Action item: Transcribe each record word for word. Skip the images.

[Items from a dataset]
┌──
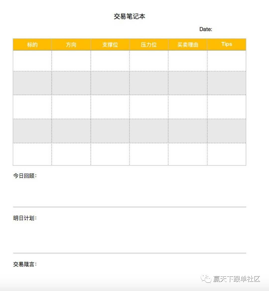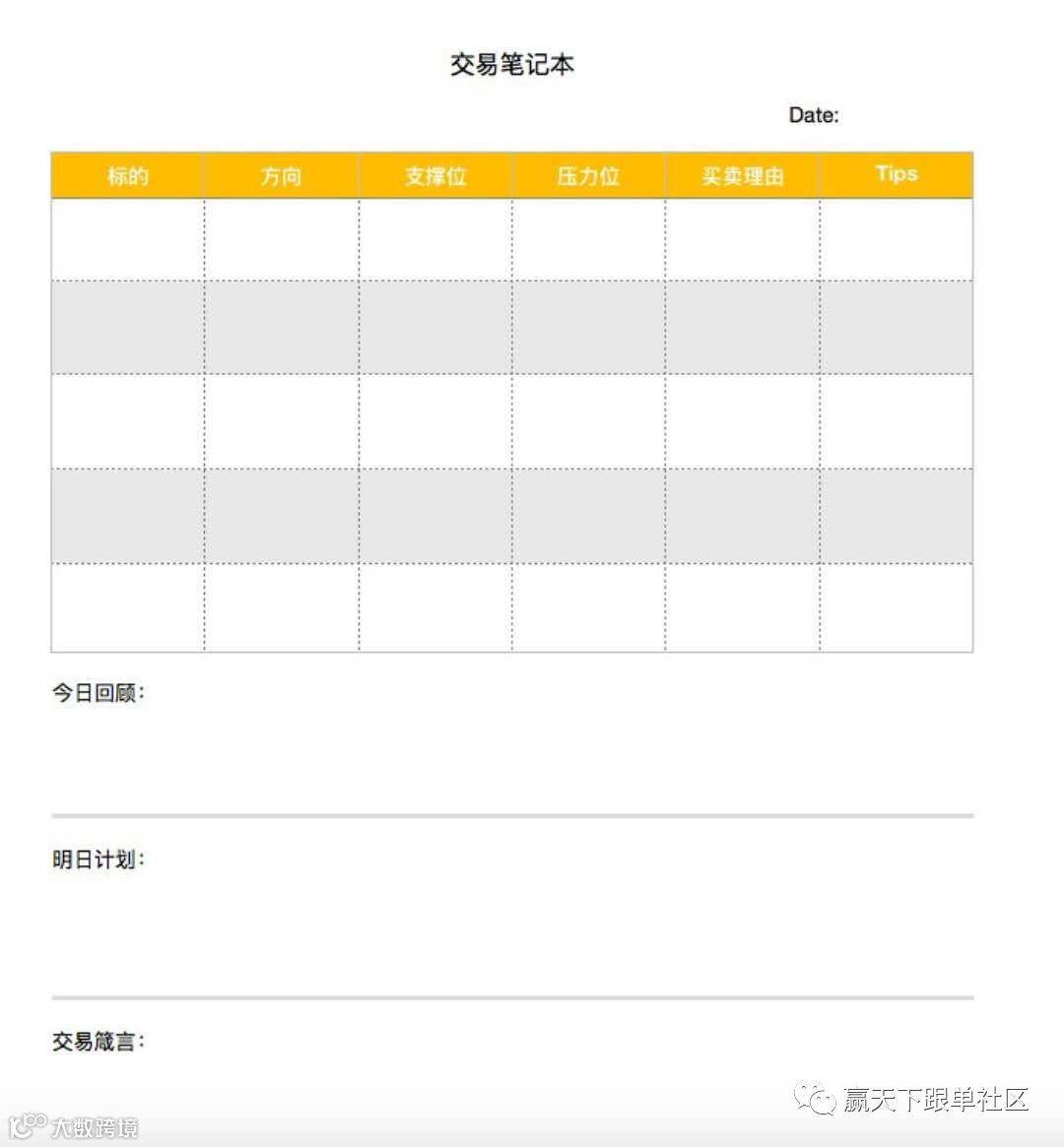 这就是我们说的盘前计划,它是交易笔记的一部分。
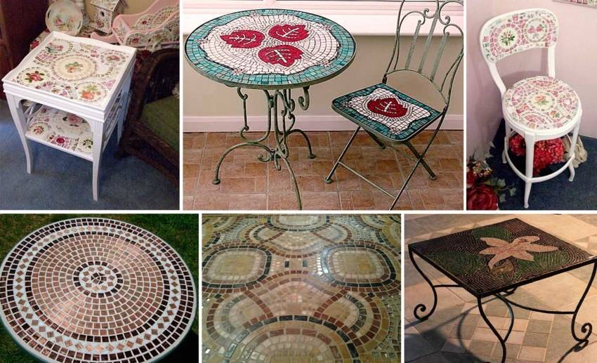 Если вам не подошёл ни один из выше перечисленных способов декора кофейного или журнального столика, обратите внимание на следующие необычные способы. Оригинально украсить поверхность любого столика можно с помощью керамической плитки
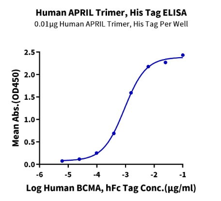 | Bio-activity : | Immobilized Human APRIL Trimer, His Tag at 0.1μg/ml (100μl/well) on the plate. Dose response curve for Human BCMA, hFc Tag with the EC50 of 0.9ng/ml determined by ELISA. |
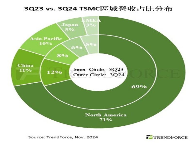 觀察2024年前三季TSMC製程營收分布情況,先進製程佔比67%,已成為其主要營收來源。然而,TrendForce指出,7/6nm、5/4nm及3nm目前主要客戶皆為歐美系及台系客戶,因此即使該審查發酵,雖然可能流失部分中國客戶,但預期可透過其他客戶彌補,對其先進製程產能利用率的影響有限。
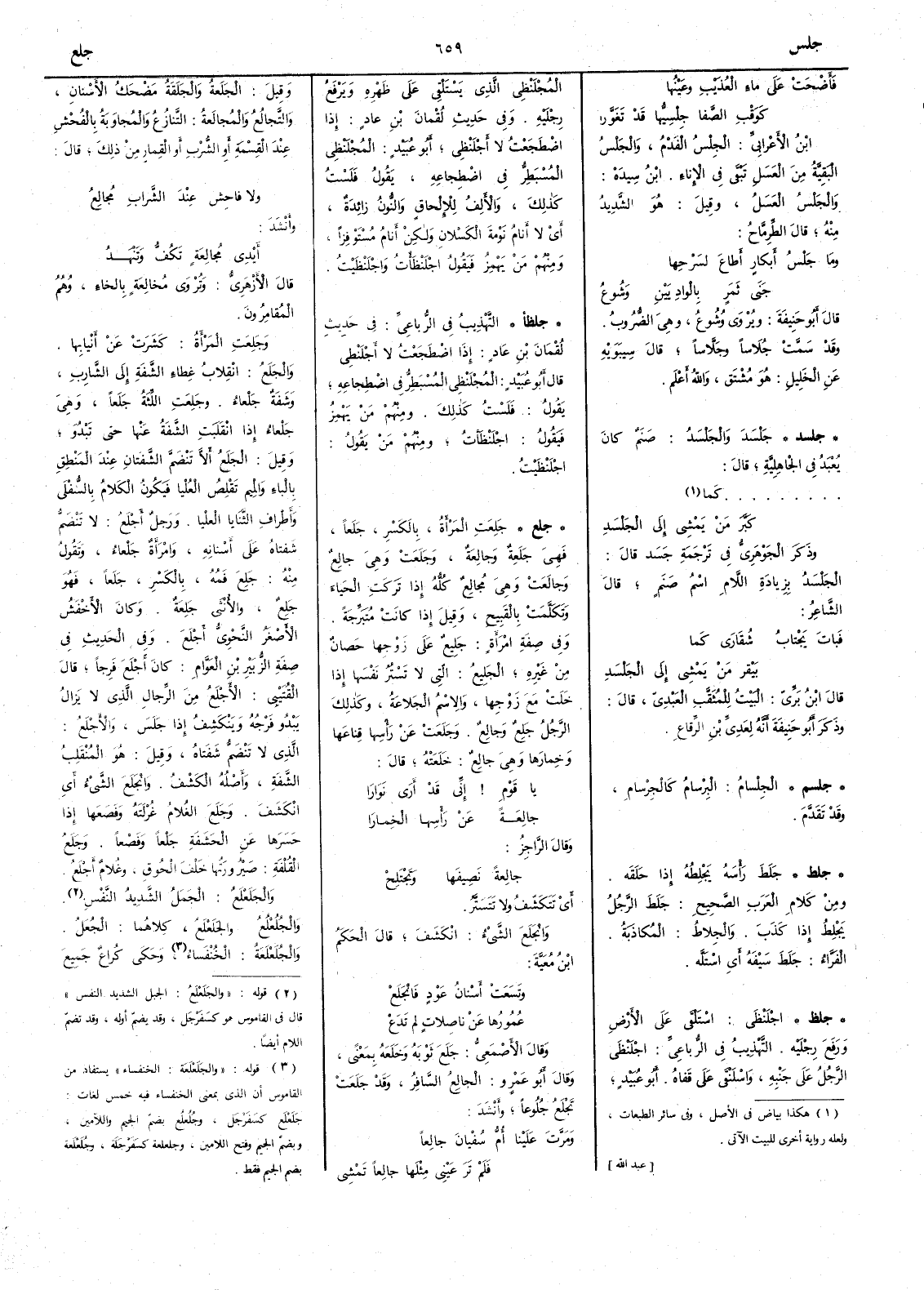 فأَضْحَتْ على ماءِ العُذَيْبِ وعَيْنُها كَوَقْبِ الصَّفا جِلْسِيُّها قد تَغَوَّرا ابن الأَعرابي الجِلْسُ الفَدْمُ والجَلْسُ البقية من العسل تبقى في الإِناء ابن سيده والجَلْسُ العسل وقيل هو الشديد منه قال الطِّرماح وما جَلْسُ أَبكارٍ أَطاعَ لسَرْحِها جَنى ثَمَرٍ بالوادِيَيْنِ وَشُوعُ قال أَبو حنيفة ويروى وُشُوعُ وهي الضُّرُوبُ وقد سمت جُلاساً وجَلاَّساً قال سيبويه عن الخليل هو مشتق واللَّه أَعلم
└──
Output:
 这就是我们说的盘前计划,它是交易笔记的一部分。
 Если вам не подошёл ни один из выше перечисленных способов декора кофейного или журнального столика, обратите внимание на следующие необычные способы. Оригинально украсить поверхность любого столика можно с помощью керамической плитки
 | Bio-activity : | Immobilized Human APRIL Trimer, His Tag at 0.1μg/ml (100μl/well) on the plate. Dose response curve for Human BCMA, hFc Tag with the EC50 of 0.9ng/ml determined by ELISA. |
 觀察2024年前三季TSMC製程營收分布情況,先進製程佔比67%,已成為其主要營收來源。然而,TrendForce指出,7/6nm、5/4nm及3nm目前主要客戶皆為歐美系及台系客戶,因此即使該審查發酵,雖然可能流失部分中國客戶,但預期可透過其他客戶彌補,對其先進製程產能利用率的影響有限。
 فأَضْحَتْ على ماءِ العُذَيْبِ وعَيْنُها كَوَقْبِ الصَّفا جِلْسِيُّها قد تَغَوَّرا ابن الأَعرابي الجِلْسُ الفَدْمُ والجَلْسُ البقية من العسل تبقى في الإِناء ابن سيده والجَلْسُ العسل وقيل هو الشديد منه قال الطِّرماح وما جَلْسُ أَبكارٍ أَطاعَ لسَرْحِها جَنى ثَمَرٍ بالوادِيَيْنِ وَشُوعُ قال أَبو حنيفة ويروى وُشُوعُ وهي الضُّرُوبُ وقد سمت جُلاساً وجَلاَّساً قال سيبويه عن الخليل هو مشتق واللَّه أَعلم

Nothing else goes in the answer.